MARAT/SADE is the film version of a play that arose from an actor's
workshop exploring various theatrical theories expressed by French
actor-director-writer Antoine Artard, who extolled a style of
performance he described as "theatre of cruelty"--which, broadly
speaking, consists of an assault upon the audience's senses by every
means possible. Ultimately, and although it makes effective use of its
setting and the cinematography mirrors the chaos expected of such a
situation, the film version of MARAT/SADE is less a motion picture than
a record of a justly famous stage play that offers a complex statement
re man's savagery.
The story of MARAT/SADE concerns the performance of a play by inmates of an early 1800s insane asylum, with script and direction by the infamous Marquis de Sade. (While this may sound a bit far-fetched, it is based on fact: de Sade was known to have written plays for performance by inmates during his own incarceration in an asylum.) The story of the play concerns the assassination of the revolutionary Marat by Charotte Corday, but the play itself becomes a debate between various characters, all of which may be read as in some way intrinsically destructive and evil. Since all the characters are played by mentally-ill inmates of the asylum (the actor playing Marat, for example, is described as a paranoid, and the actress playing Corday suffers from sleeping sickness and melancholia), the debate is further fueled by their insanity, unpredictability as performers, and the staff's reactions to both their behavior and the often subversive nature of the script they play out.

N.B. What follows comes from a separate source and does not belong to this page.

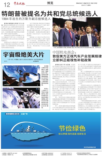 新华社美国密尔沃基7月15日电 美国前总统特朗普15日在共和党全国代表大会上获得足够多的党代表票,被正式提名为2024年美国总统选举共和党总统候选人。特朗普当天还宣布,已选择俄亥俄州联邦参议员詹姆斯·万斯作为他的竞选搭档。

Patrick Magee as de Sade, Glenda Jackson as the inmate playing Corday (it was her breakout performance), and Ian Richardson as the inmate playing Marat offering impressive performances; indeed, the ensemble cast as a whole is incredibly impressive, and they keep the extremely wordy script moving along with considerable interest. Even so, it will be obvious that the material works better as a live performance than as a film, and I do not recommend it to a casual viewer; its appeal will be largely limited to the literary and theatrical intelligentsia. The DVD includes the original theatrical trailer, but beyond this there are no extras of any kind.